* **EXERCISE**
Omitting all images, set down every line below exactly as it appears.

* **SUPPLIED MATERIAL**

::::::::

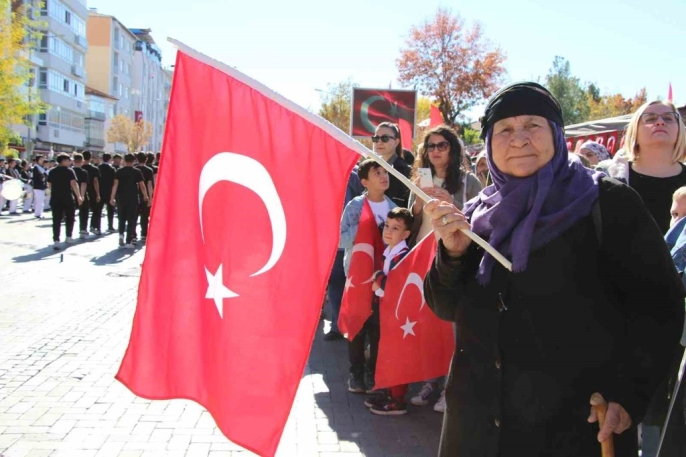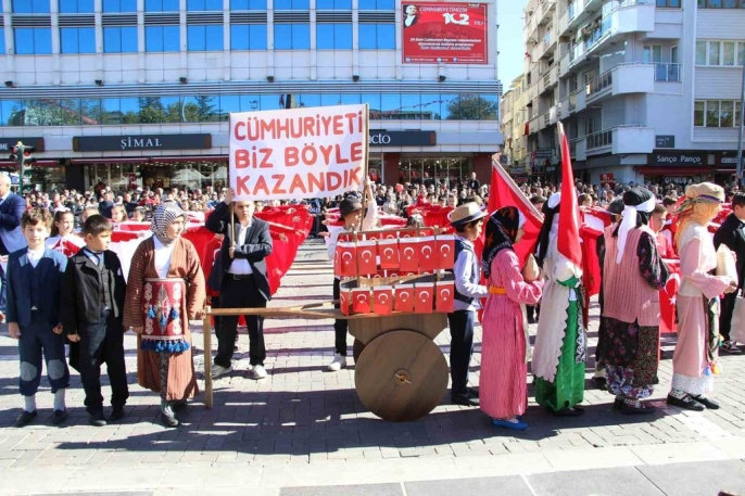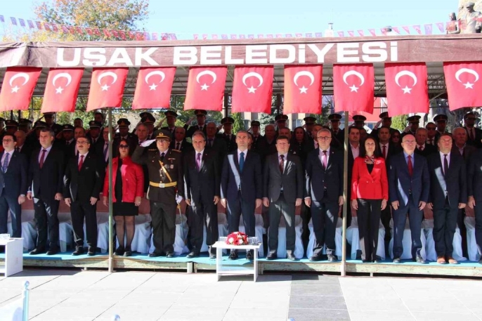 Uşak Valisi Naci Aktaş, konuşmasında milletin 2200 yıllık devlet geleneğine, bağımsızlık aşkına ve 29 Ekim 1923te Cumhuriyetin ilanıyla taçlanan mücadeleye vurgu yaptı. Konuşmanın ardından 102 kişiyle halk oyunları gösterisi yapıldı ve tören resmigeçitle sona erdi.
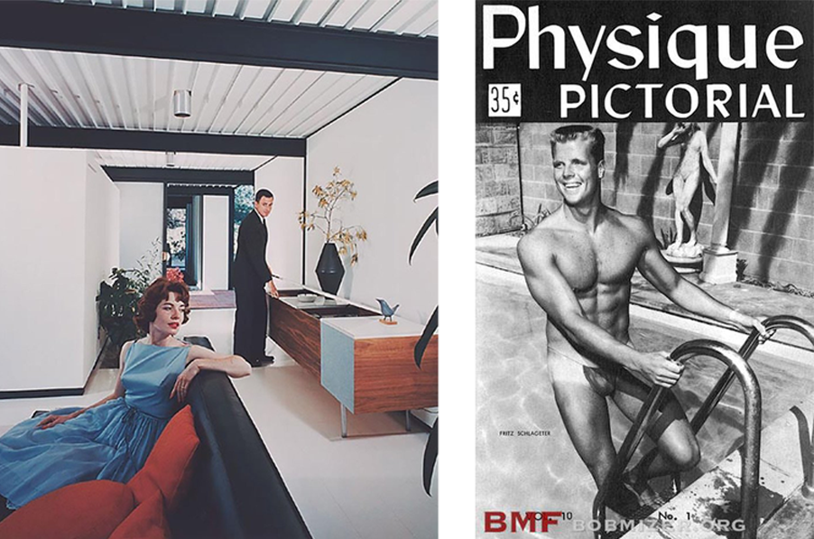 Julius Shulman, photographer of many of LA’s Case Study Houses, including the Koenig one that drew Hockney to California, was among the first of his generation to include people in his images, using architecture to stage a theater of domesticity. A couple sits down to eat while children play ping-pong (Mirman Residence); a woman sits on a couch in a blue dress while her suited husband puts a record on (Bailey House); a couple enjoy a cocktail poolside while a friend surveys the land beyond through a pair of binoculars (Stahl House). 20
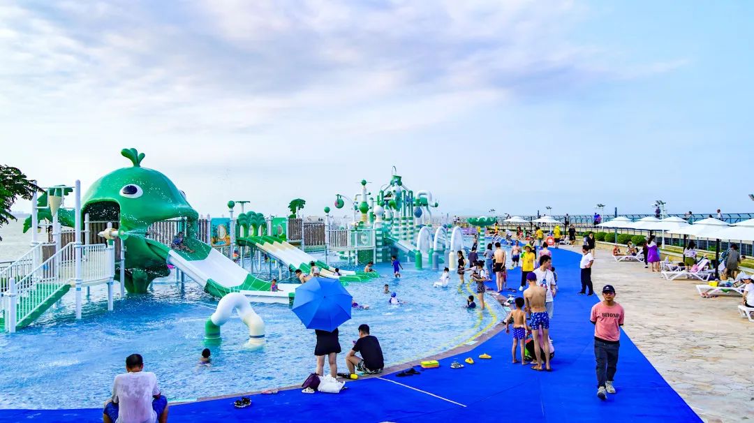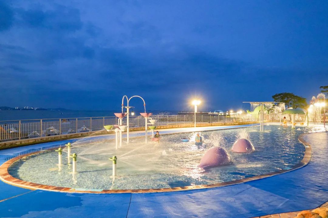 摩爾紋水寨,蘑菇傘、麻花、向陽花、花果樹以及長(zhǎng)頸鹿、青蛙、鯨魚等十幾種造型各異、充滿童真童趣的戲水設(shè)備,10余條滑梯滑道,幾十處噴水、疊水等設(shè)施,搭配夜晚泛光照明系統(tǒng)。在碧海藍(lán)天下,打造無敵海景水上親子樂園,解鎖水上全新玩法。熱浪灣·水樂園將成為情侶路又一個(gè)遛娃打卡點(diǎn)。

::::::::

* **SOLVED EXERCISE**
 Uşak Valisi Naci Aktaş, konuşmasında milletin 2200 yıllık devlet geleneğine, bağımsızlık aşkına ve 29 Ekim 1923te Cumhuriyetin ilanıyla taçlanan mücadeleye vurgu yaptı. Konuşmanın ardından 102 kişiyle halk oyunları gösterisi yapıldı ve tören resmigeçitle sona erdi.
 Julius Shulman, photographer of many of LA’s Case Study Houses, including the Koenig one that drew Hockney to California, was among the first of his generation to include people in his images, using architecture to stage a theater of domesticity. A couple sits down to eat while children play ping-pong (Mirman Residence); a woman sits on a couch in a blue dress while her suited husband puts a record on (Bailey House); a couple enjoy a cocktail poolside while a friend surveys the land beyond through a pair of binoculars (Stahl House). 20
 摩爾紋水寨,蘑菇傘、麻花、向陽花、花果樹以及長(zhǎng)頸鹿、青蛙、鯨魚等十幾種造型各異、充滿童真童趣的戲水設(shè)備,10余條滑梯滑道,幾十處噴水、疊水等設(shè)施,搭配夜晚泛光照明系統(tǒng)。在碧海藍(lán)天下,打造無敵海景水上親子樂園,解鎖水上全新玩法。熱浪灣·水樂園將成為情侶路又一個(gè)遛娃打卡點(diǎn)。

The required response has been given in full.